Où le virus HPV revient en scène
« OK, on avait une nouvelle population de cellules, qui exprimait des gènes spécifiques; on avait des anticorps
spécifiques pour les identifier, maintenant il fallait savoir si cette population de cellules était reliée d'une
manière ou d'une autre à l'infection par le virus HPV responsable du cancer ! » Les chercheurs ont alors
cherché à voir si des cellules cancéreuses infectées par HPV exprimaient les mêmes gènes. Ils ont donc
examiné des biopsies de dysplasies CIN 1, 2 et 3 ainsi que de cancers avérés, tant de type épidermoïde que
glandulaire (adénocarcinome). Résultat : tous les cancers et les dysplasies de grades 2 et 3 exprimaient les
mêmes gènes que les cellules de jonction. Mais seulement 20% des dysplasies de grade 1. Qu'en conclure ?

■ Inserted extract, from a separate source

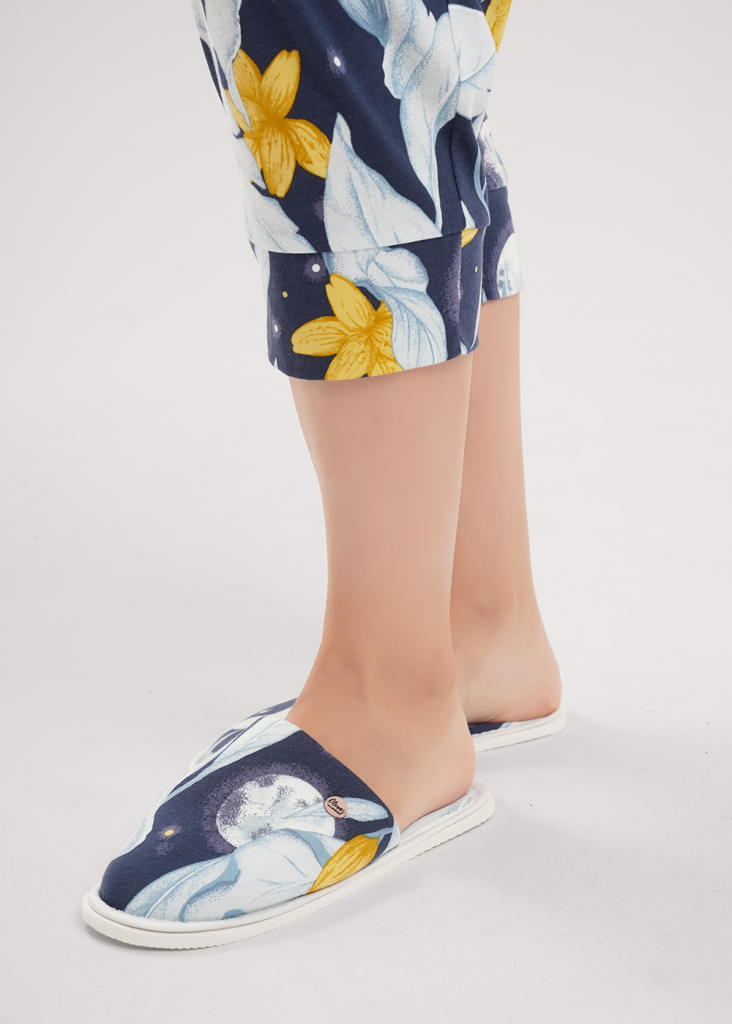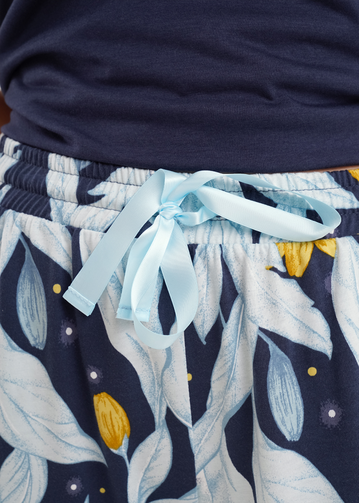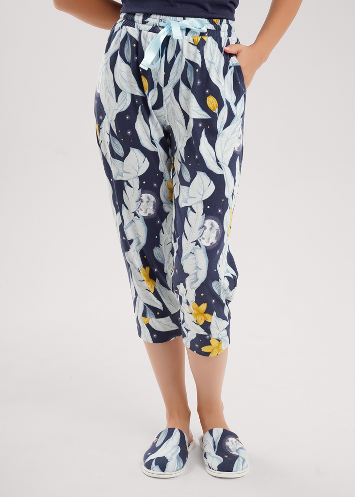 Набор одежды из хлопкового трикотажного полотна с модалом. Футболка с коротким цельнокроеным рукавом, по низу узкий манжет. По горловине обтачка. Спереди принт. Бриджи с поясом на резинке,атласной лентой. Боковые карманы с отрезным бочком. Внизу манжет.
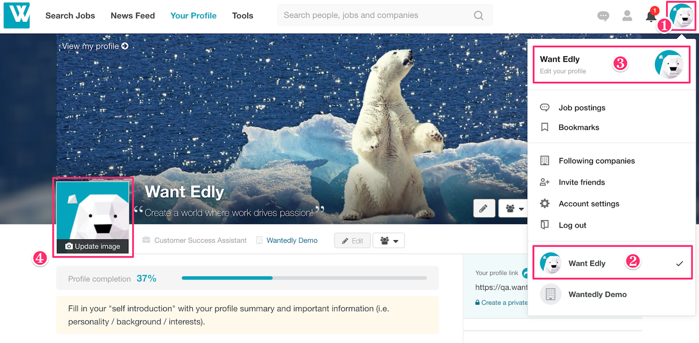 - Select your name on the drop-down menu to edit your Wantedly profile.

Plusieurs choses importantes ! D'une part que les cancers et les lésions précancéreuses évaluées présentent
bien un lien de parenté avec les cellules de jonction; c'est donc bien dans ces cellules que les cancers du
col de l'utérus prennent naissance.
D'autre part, les observations sur les dysplasies de grade 1 avaient aussi une grande importance. On
se souvient que la grande majorité de ces dysplasies régressent spontanément. Or 80% d'entre elles
n'exprimaient pas les gènes des cellules de jonction… « Nous en avons déduit l'hypothèse que si HPV infecte
d'autres cellules que les cellules de jonction, la lésion va régresser spontanément après 6 à 12 mois. Si par
contre HPV infecte une cellule de jonction, cette infection sera persistante et évoluera à travers les différentes
étapes des dysplasies et du cancer. » Souvenons-nous que la question de départ, pour Michaël Herfs, était de
trouver un moyen de prédire quelles dysplasies CIN1 allaient régresser et lesquelles deviendraient agressives.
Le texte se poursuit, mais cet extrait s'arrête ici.